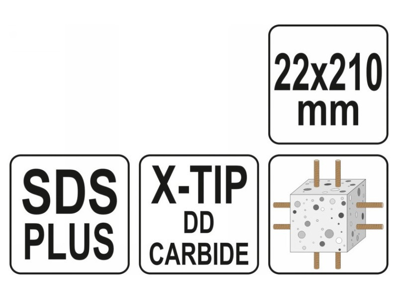 YATO Kőzetfúró 22 x 210/150 mm négyélű SDS-Plus
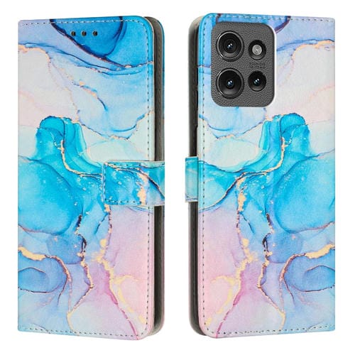 Funda de Cuero con Patrón de Mármol para Motorola Edge 50 Pro y Edge 50 (Rosa y Verde)
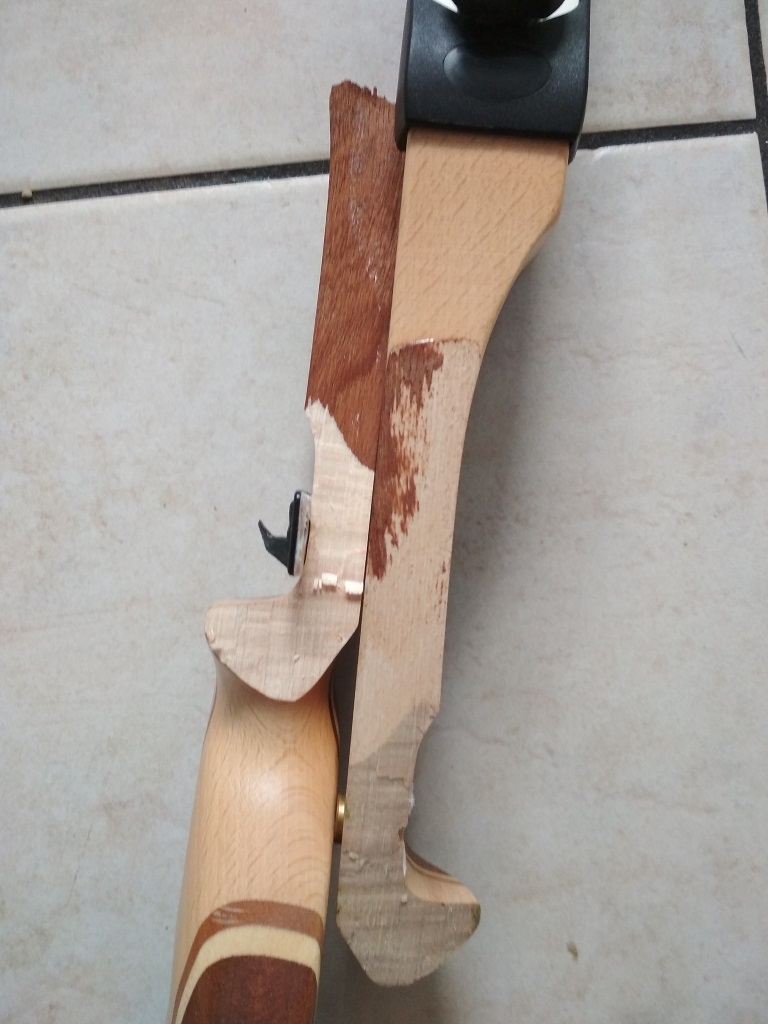 Wie bereits erwähnt wurde der Bogen nur noch mit 18 Pfund geschossen maximal 2h die Woche und nur bei gutem Wetter, da wir keine Möglichkeit haben in einer Halle zu schießen. Gestern hat es ihn dann ganz zerlegt. Fehler beim verkleben meinerseits? Die stellen die ich geklebt habe sind die einzigen an denen Splitter hängen, das deutet für mich eigentlich eher darauf hin, dass die stelle gut gehalten hat. Aber wenn die anderen Stellen versagt haben kann das eckchen oben natürlich auch nichts mehr reissen. Ich hätte also doch vermutlich mutiger sein sollen und versuchen die ganze Verbindung zu lösen und komplett neu zu verkleben.
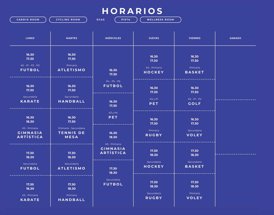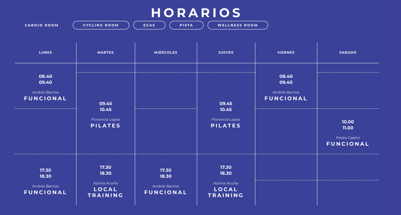 En International Sports Center se ofrecen actividades como Aero Local, Entrenamiento funcional, Pilates, Cycle, Karate, Básquetbol, Fútbol, Running y Gimnasia artística.
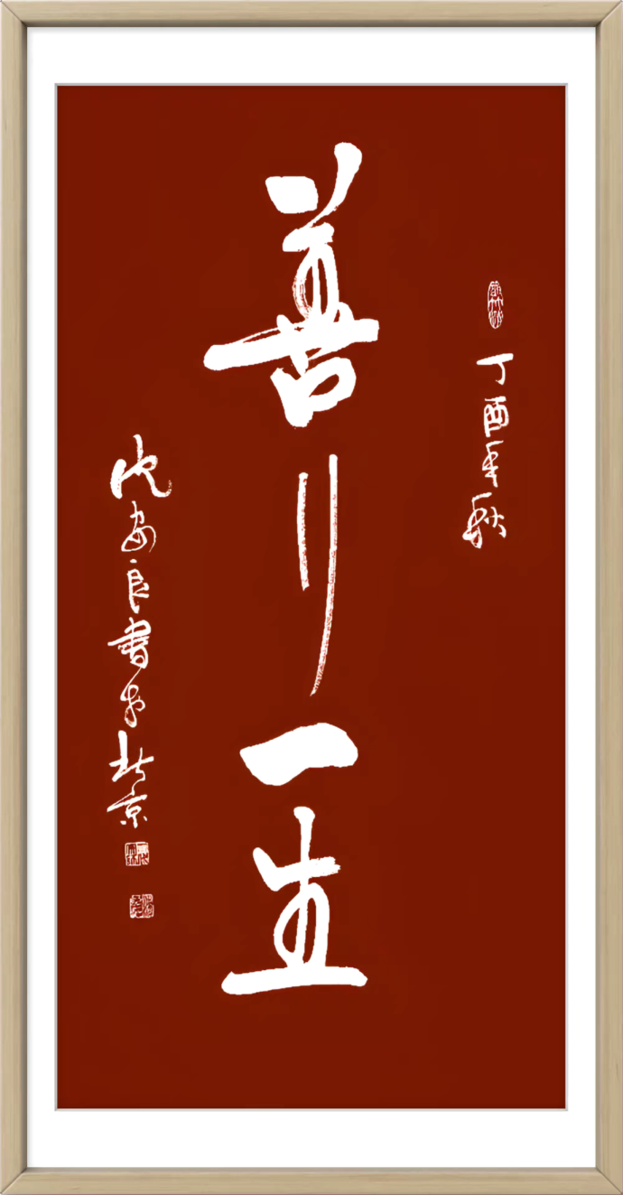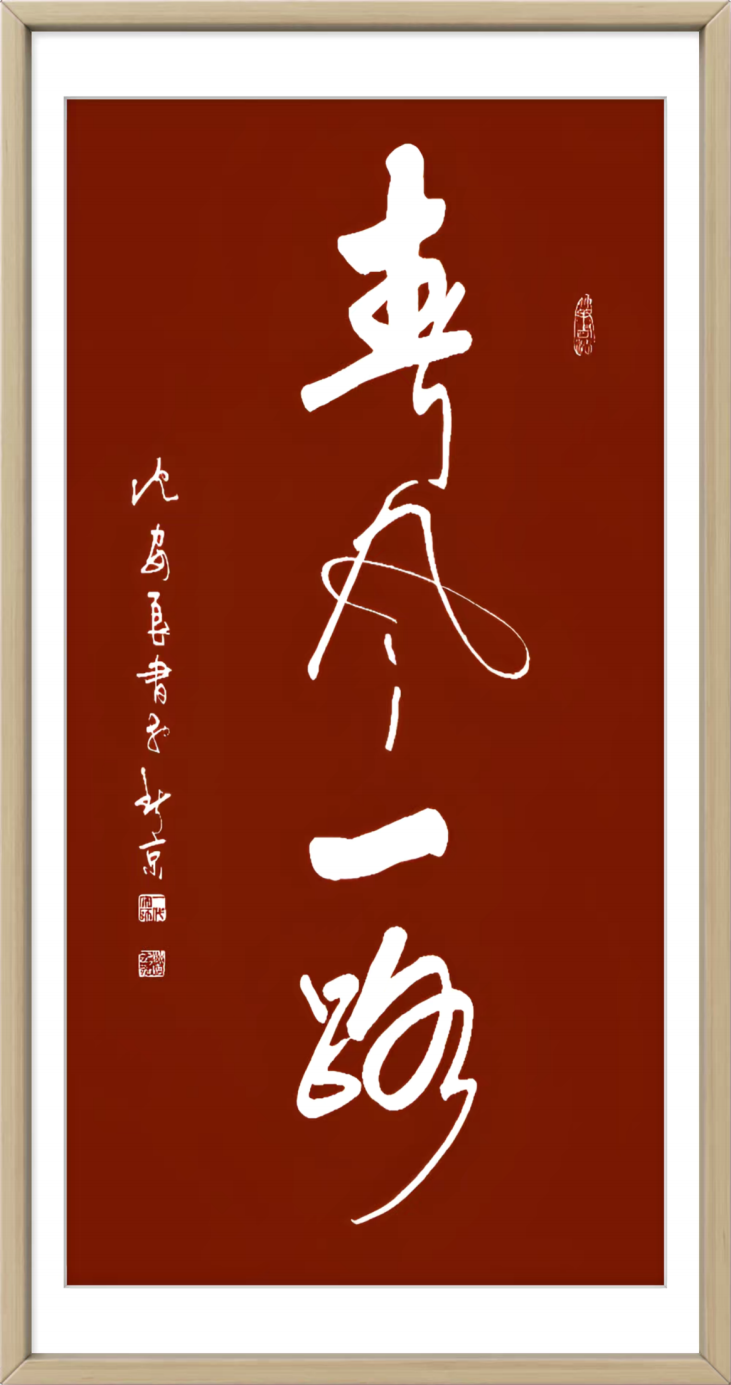 2021年8月26日,人民大会堂收藏其竹笔书法作品《立足中国,改变世界》。
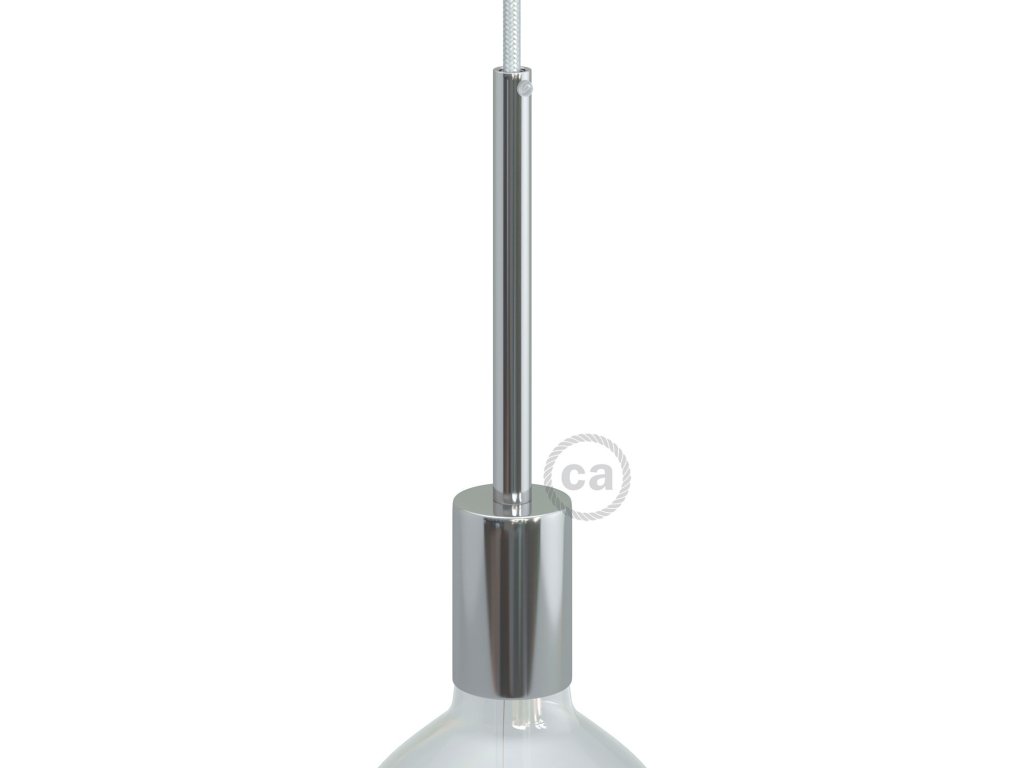 Válcová kovová E27 objímka s 15 cm válcovou kovovou kabelovou průchodkou je ideální pro vytvoření nástěnné, stolní nebo stropní lampy.
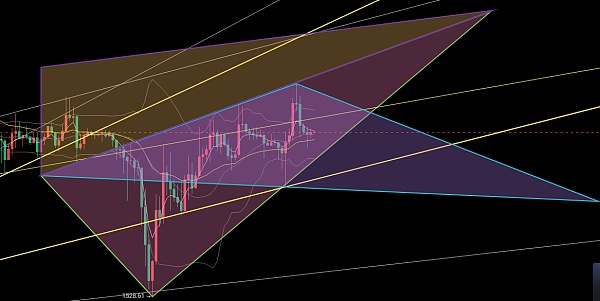 图中可以看出,目前价格处于三角区域内运行,三角上下线均有试探,但是并未有破位,暂时下方支撑是1618附近,行情回落到此位置可以适当先多,看反弹情况,只要不破位,就会延续三角区域内运行,破位企稳就会进入另一个三角区域,范围为1595-1645

__Required work__: Within the listing above, the lines starting at the one containing "Wie bereits erwähnt" and ending at the one containing "2021年8月26日,人民大会堂收藏其竹笔书法作品《立足中国,改变世界》。" are to be returned exactly. Omit the pictures.

__Output for this exercise__:
 Wie bereits erwähnt wurde der Bogen nur noch mit 18 Pfund geschossen maximal 2h die Woche und nur bei gutem Wetter, da wir keine Möglichkeit haben in einer Halle zu schießen. Gestern hat es ihn dann ganz zerlegt. Fehler beim verkleben meinerseits? Die stellen die ich geklebt habe sind die einzigen an denen Splitter hängen, das deutet für mich eigentlich eher darauf hin, dass die stelle gut gehalten hat. Aber wenn die anderen Stellen versagt haben kann das eckchen oben natürlich auch nichts mehr reissen. Ich hätte also doch vermutlich mutiger sein sollen und versuchen die ganze Verbindung zu lösen und komplett neu zu verkleben.
 En International Sports Center se ofrecen actividades como Aero Local, Entrenamiento funcional, Pilates, Cycle, Karate, Básquetbol, Fútbol, Running y Gimnasia artística.
 2021年8月26日,人民大会堂收藏其竹笔书法作品《立足中国,改变世界》。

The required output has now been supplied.